Мое сходство с мухой лишь в одном – я так же не брезглив, оказывается …

После короткого, но скандального интервью я вынужден запустить в квартиру оператора и корреспондентку. Они краснеют и затихают как в мавзолее. Ланцет смотрит на них и на меня с одинаковой ненавистью и нескрываемым презрением.

Съемка занимает пару минут, не больше. Потом вся группа сворачивает провода и с грохотом высыпает из квартиры, а потом и из дома. Они торопятся сесть в автомобиль и укатить на телевидение, чтобы монтировать кадры, чтобы быть первыми, чтобы схватить свой рейтинг и заработать денег для компании и соответственно для себя. Бобовский доволен, он усмехается и тоже укатывает на черном, опасном, как боевая машина десанта, БМВ, за рулем которого сидит высокий, худой парень, похожий на бывшего костолома из службы охраны первых лиц нашего славного государства.

Я вижу это из окна, и еще я вижу, что около подъезда тормозит автомобиль государственной телекомпании, потом еще один. Наконец и до них дошла информация. Но они опоздали навсегда. Жаждущий зрелищ зритель теперь будет долго еще смотреть «Твой эфир», а к этим относиться с пренебрежительной усмешкой. Они только в Кремле первые, а там какие тайны расскажут! Тайны Полишинеля? То, что действительно стоит внимания, там не скажут никому. А то, что внимания не стоит, никому и не нужно. Одна лишь пропаганда, называемая теперь «пиаром» – Public Relations, всенародная промывка мозгов.
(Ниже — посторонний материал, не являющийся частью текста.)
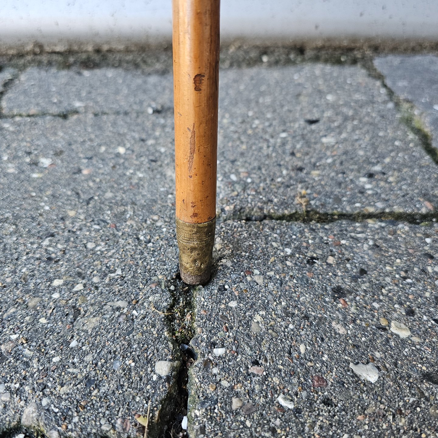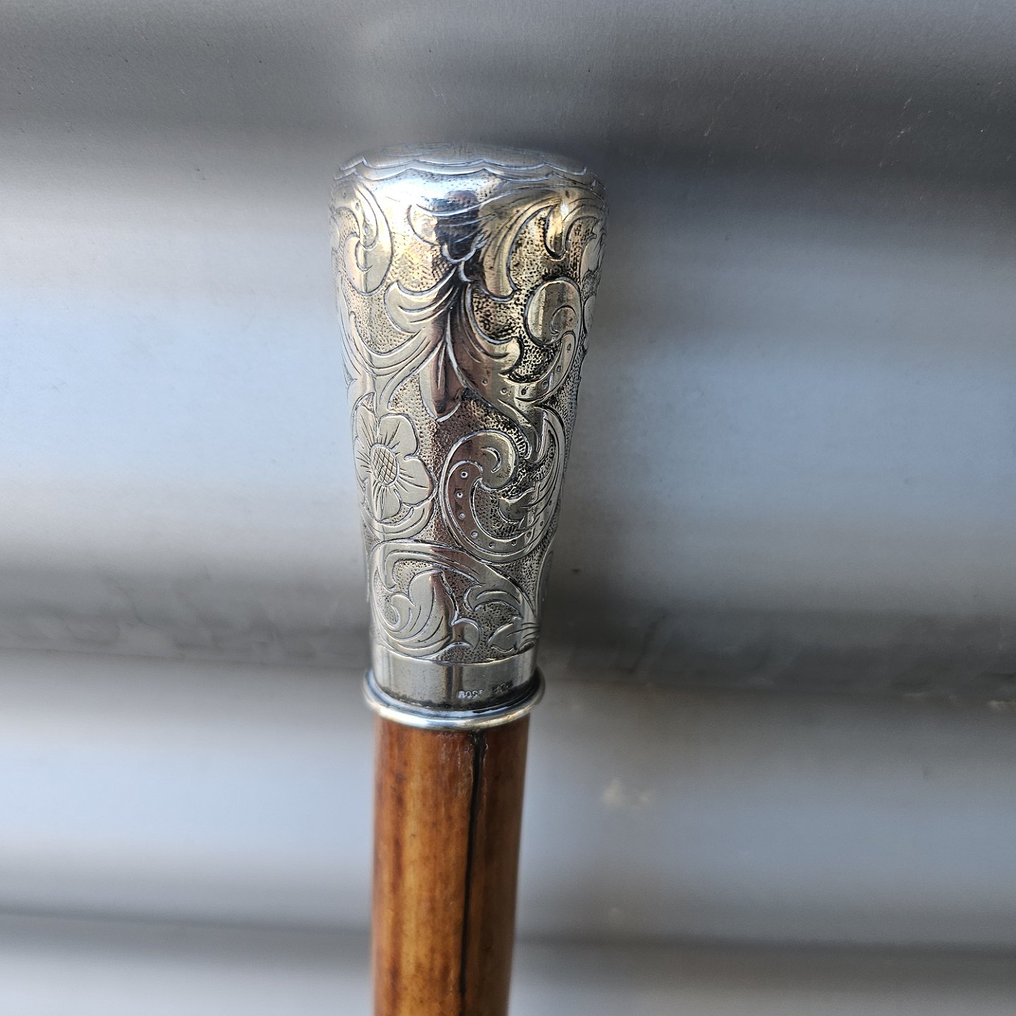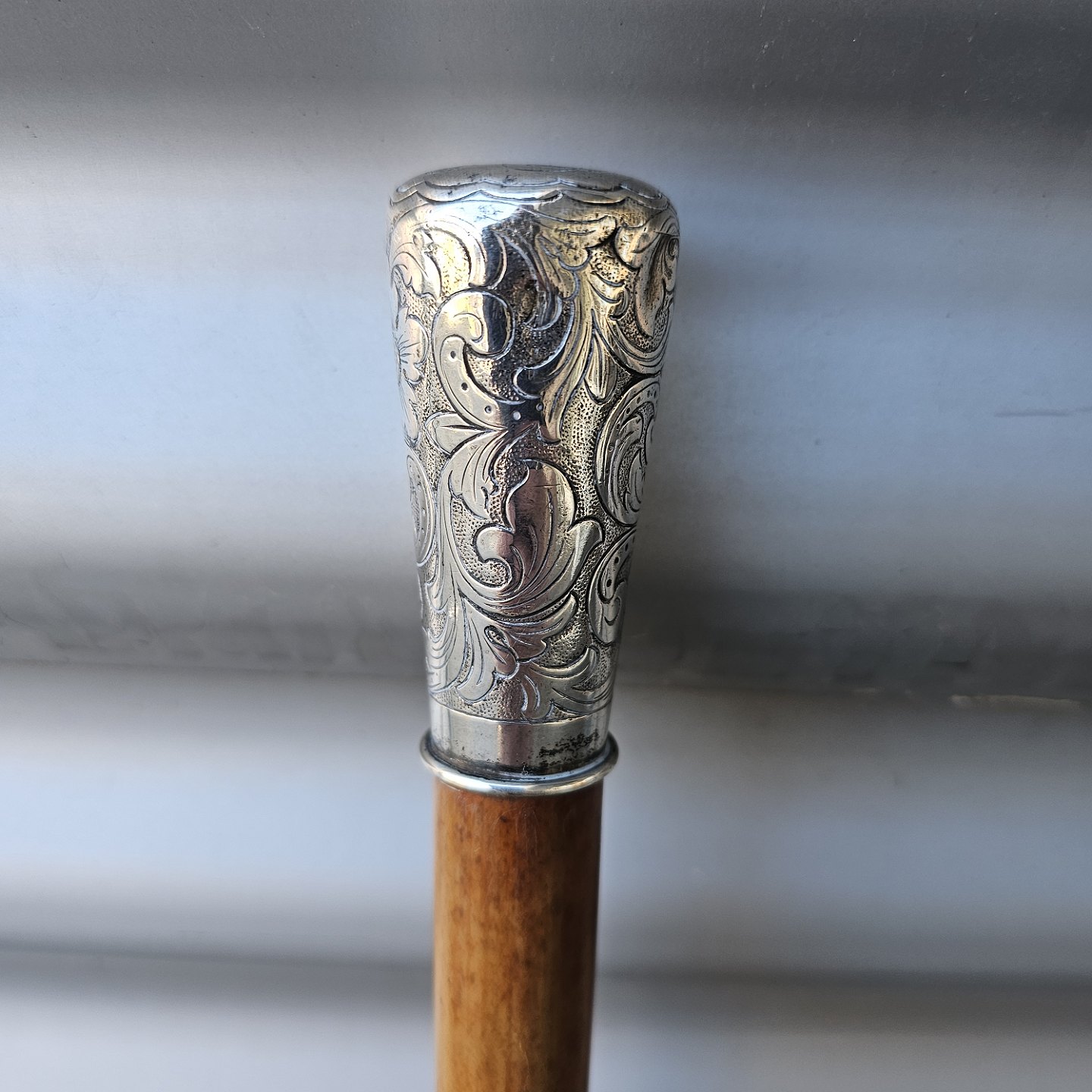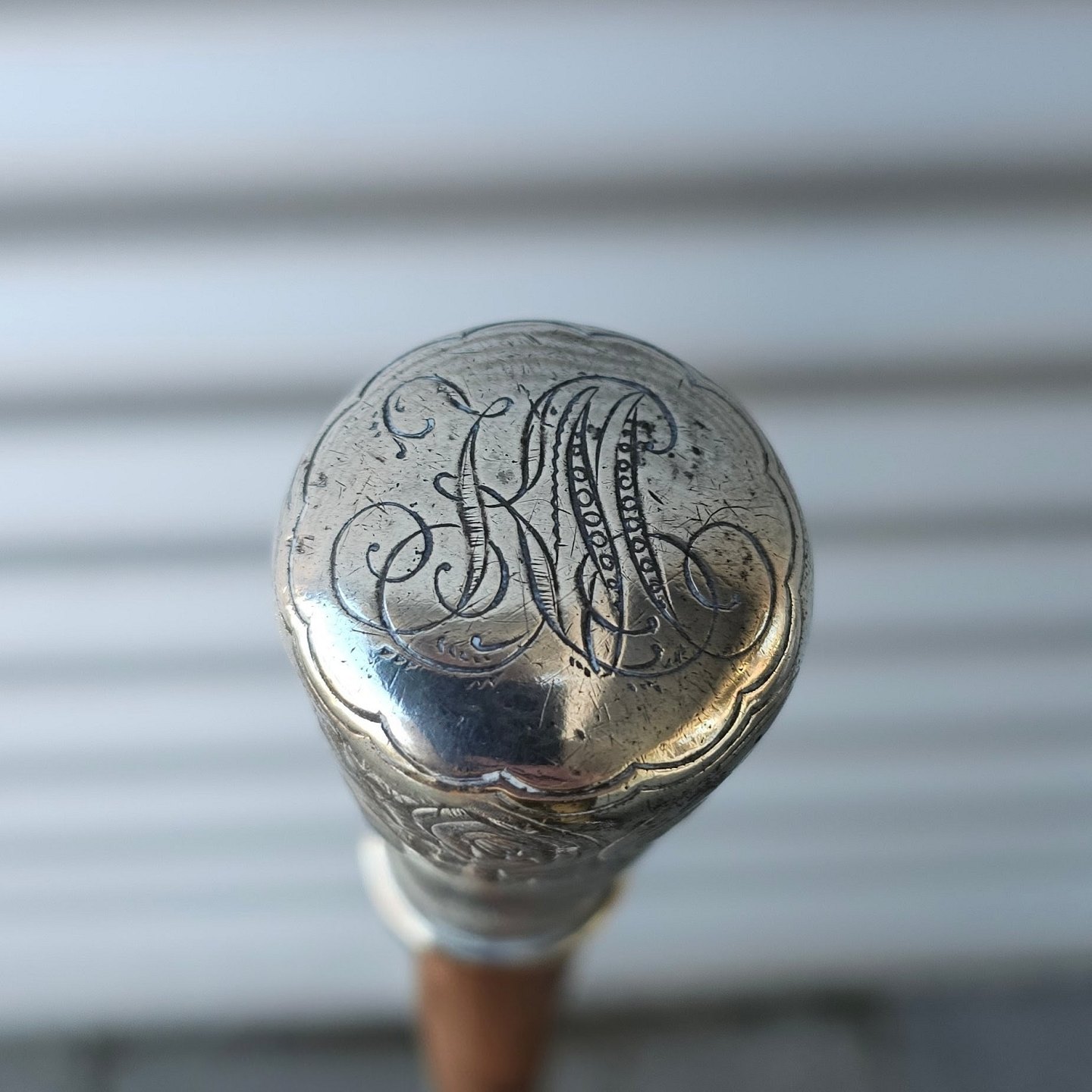 Stok i træ med knop af sølv, 826S Indgraveret KM og Rost
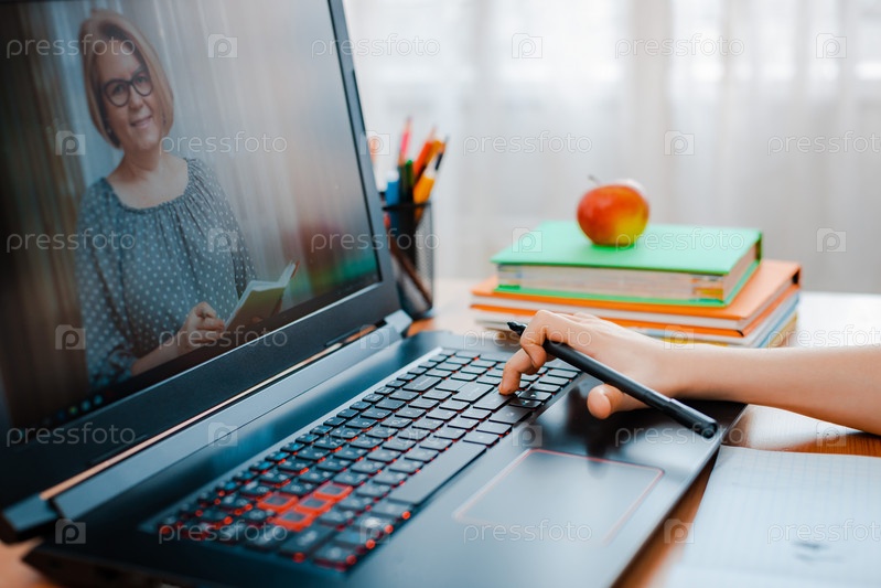 Дистанционное обучение онлайн образование. Школьник учится дома и делает домашнее задание. Домашнее дистанционное обучение
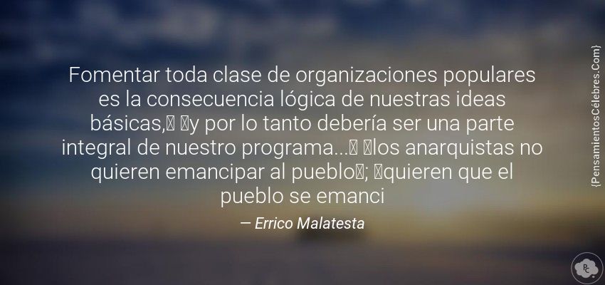 "Fomentar toda clase de organizaciones populares es la consecuencia lógica de nuestras ideas básicas, y por lo tanto debería ser una parte integral de nuestro programa... los anarquistas no quieren emancipar al pueblo; quieren que el pueblo se emanci"
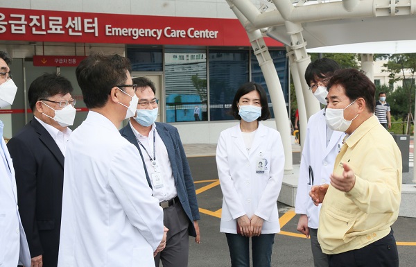 À̳¯ ¹é ½ÃÀåÀº ¿ëÀÎ ¼¼ºê¶õ½ºº´¿ø, °­³²º´¿ø, ´Ùº¸½ºº´¿ø, ¿ëÀμ­¿ïº´¿ø µî 4°÷À» Â÷·Ê·Î ¹æ¹®ÇØ ¼±º°Áø·á¼Ò ±Ù¹« ÀÇ·áÁøµé¿¡°Ô °¨»çÀÇ ¸¶À½À» ÀüÇÏ°í °Ý·ÁÇß´Ù.
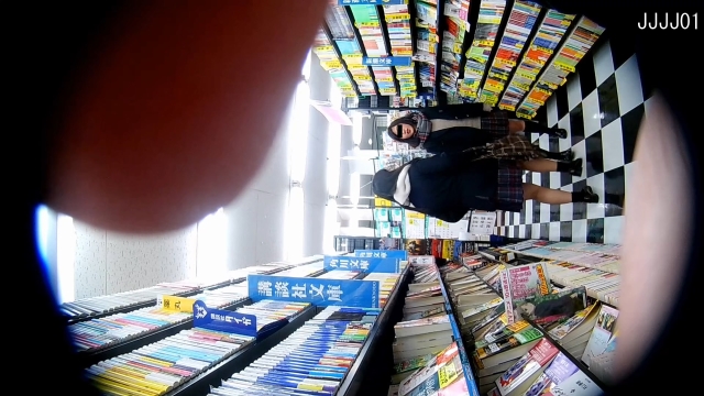 【フルHD画質靴カメ】書店とレジで染みパンJkを逆さ撮り
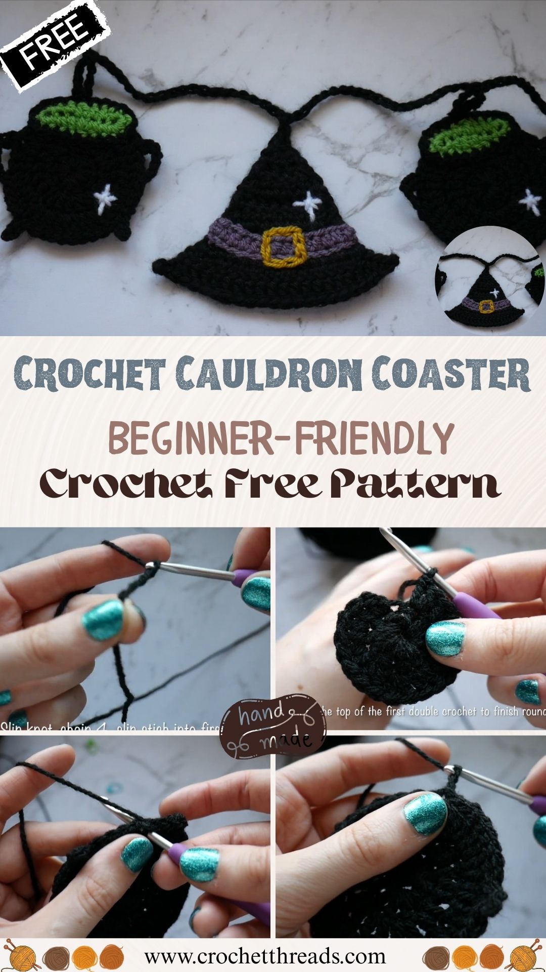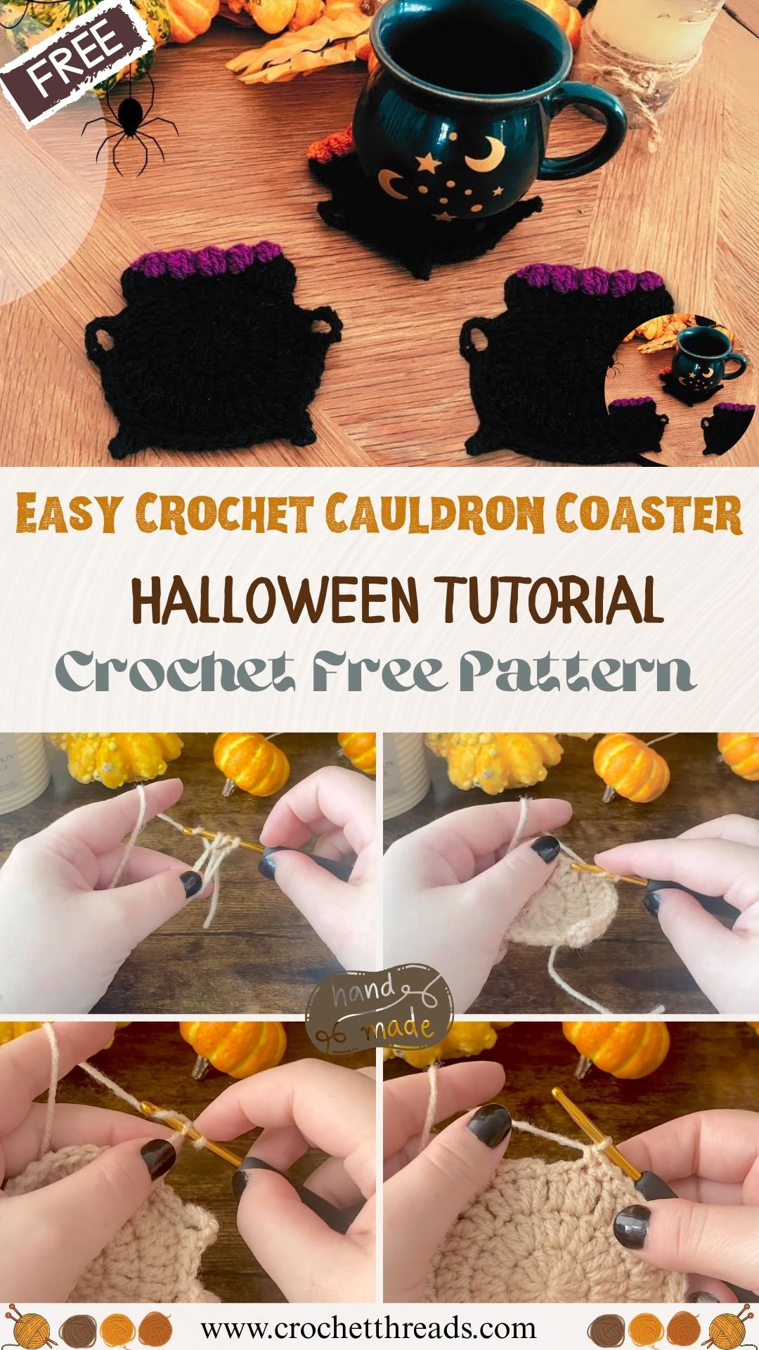 Easy Crochet Cauldron Coaster Halloween Tutorial
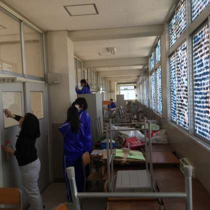 ワックスが乾いたころには、廊下に置いてあった机・いすを教室内に運び込み、授業時の並びに整えていただきました。
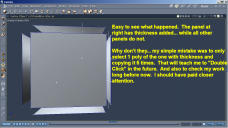 Pic 2 I've hidden the frame to show only the panels and discover the error I made 5 times. Instead of Double Clicking on my panel which I Added Thickness to I only Single Clicked on it and made all the copies from 1 poly. I thought nothing of it at the time as they should all be copies of my thick panel which didn't require a need to pay attention to having Faces facing outwards, or rather towards the camera, since adding thickness creates all faces in correct directions.
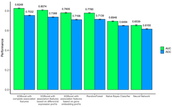 Using the complete association features generated from the differential expression profiles and the gene embedding profiles, the XGBoost classifier yielded the best performance, with an average area under the curve (AUC) of 0.8249 and an average accuracy of 0.7532. Furthermore, we also investigated the impact of different feature sets on classification performance. Therefore, we discarded some of the association features generated from the gene embedding profile and used the same procedures for the classifications. The performance slightly decreased, with an average AUC of 0.8074 and an average accuracy of 0.7368. Moreover, we excluded the differential expression profile from the association features and performed the same classification procedures. The performance further decreased, with an average AUC of 0.7805 and an average accuracy of 0.7106. These results indicate that both the differential gene expression profile and the gene embedding profile are essential for the association classifications.
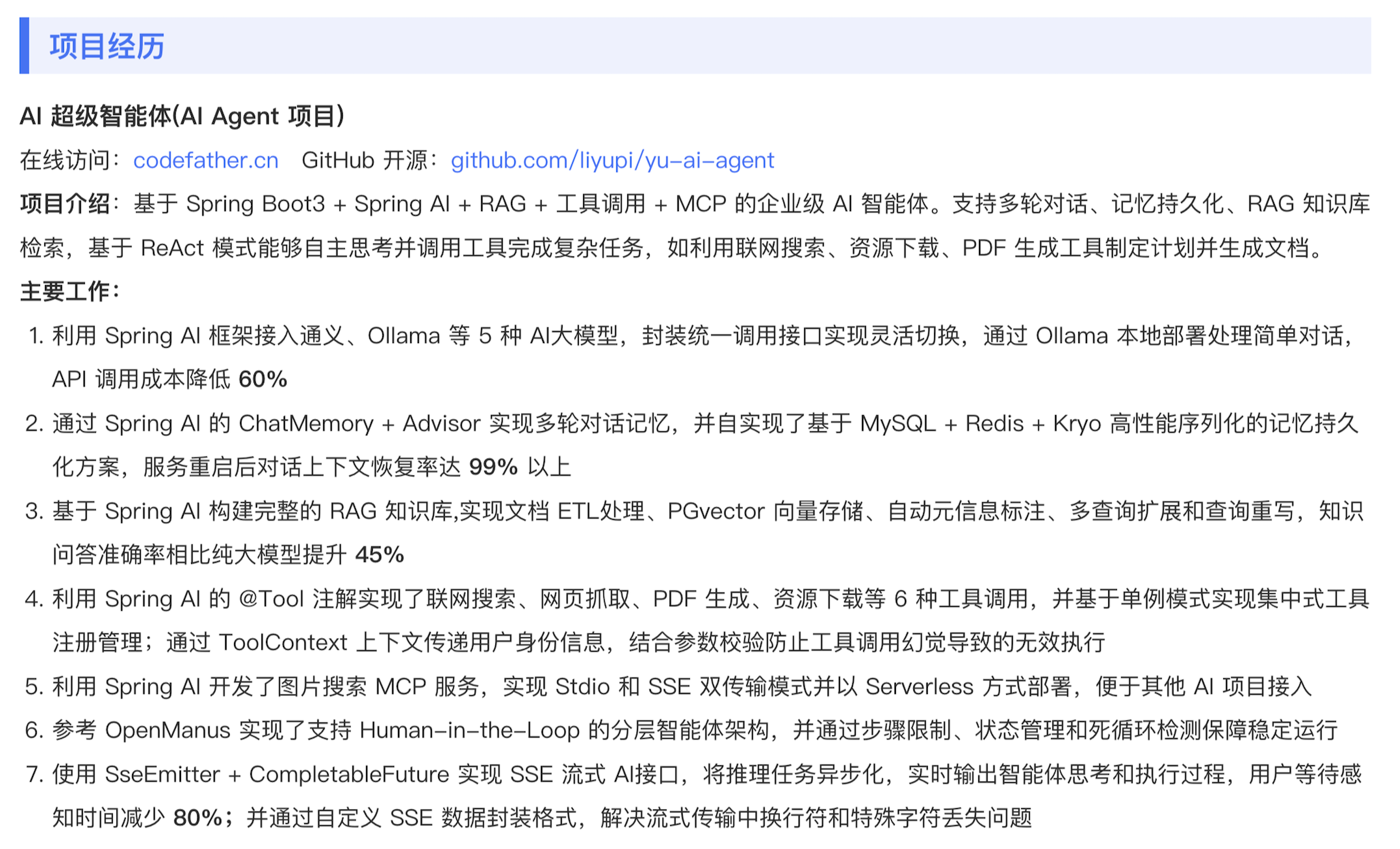 比如 “通过 ToolContext 上下文传递用户身份信息,结合参数校验防止工具调用幻觉导致的无效执行”,这一句话里包含了技术方案、解决的问题和效果,写得很具体,体现了真实性。但也不需要把实现代码都贴上去,那就有点儿过了,反而浪费简历空间。
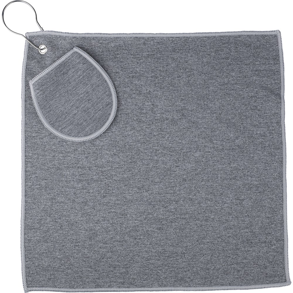 rPET golftörölköző tartozék labdatartó tokkal. A fém kampó segítségével könnyen a táskához csatlakoztatható. Belül rPET címkével. Mosógépben alacsony hőmérsékleten mosható.

А тут действительно нужна расторопность. И тот, кто здесь скажет свое слово первым, тому и другая вера будет. Коль здесь поспел наш пострел, так везде поспеет. Рейтинг! Деньги, Слава! Опять – Деньги! С большой буквы…

Сажусь опять на пуфик, чтобы закончить, наконец, опостылевший осмотр, заходит Максим Мертелов и начинает шарить глазами по комнате. Я искоса наблюдаю за ним и строчу под сварливую диктовку Ланцета. Максим неторопливо, чтобы не мешать нам, очень тихо и аккуратно, глядя себе под ноги, обходит комнату. Он неслышно открывает ящички, заглядывает в пепельницы, в вазочки, перебирает стопки бумаг. Потом подходит к окну, около которого я только что стоял и наблюдал за тем, как от подъезда уехали победители и подъехали аутсайдеры. Я смотрел вниз, а не на подоконник, а Мертелов смотрит как раз на подоконник. Он проводит по нему рукой, и в следующее мгновение я вижу, как в его ладони шевельнулась бумажка. Я стоял над ней минуту назад и не видел ее, а он прямо к ней шел.

Максим подносит ее к глазам и читает, потом поворачивает и читает с тыльной стороны. Я знаю этого человека, он – не муха, он, как ни странно очень брезглив, поэтому его интерес к бумажке на подоконнике говорит о том, что она того стоит.

История одной женщины

У женщин историй ровно столько, сколько женщин на свете. Их физиологические потребности и физические прелести не уравнивают их, а, напротив, даже разобщают. Женщина – не загадка, женщина – не тайна, потому что у загадки и у тайны есть ответ, а тут ответа нет, тут – бесконечность, которую не объять и не понять.

Мужской пол – экспериментальный. Он создан Господом для того, чтобы поддержать большой эксперимент, чтобы стать его инструментом, чтобы быть его объектом. В нем есть загадка, потому что на эту загадку есть ответ. Это – примитивно.

Мужской пол – обслуживающий и заблуждающийся. Мужчины полагают, что они владеют миром, потому что владеют тайной, а значит, властью. Но их тайна и их власть – земные, ограниченные во времени и в пространстве. Они не владеют главной вселенской тайной – женщиной и ее бесконечностью, не владеют, потому что владеть ею невозможно. Не понимающие этого мужчины жестоко заблуждаются, понимающие – жестоко страдают.

Екатерина Алексеевна Немировская, привлекательная женщина тридцати четырех лет, написала обо всем об этом неплохое эссе в одном глянцевом журнале для эмансипированных дамочек. Сначала она обратилась за консультацией к одному молодому хирургу, который был занят тем, что менял пол по требованию тех, кто этого хотел и кто, на его взгляд, имел на это моральное и физиологическое право.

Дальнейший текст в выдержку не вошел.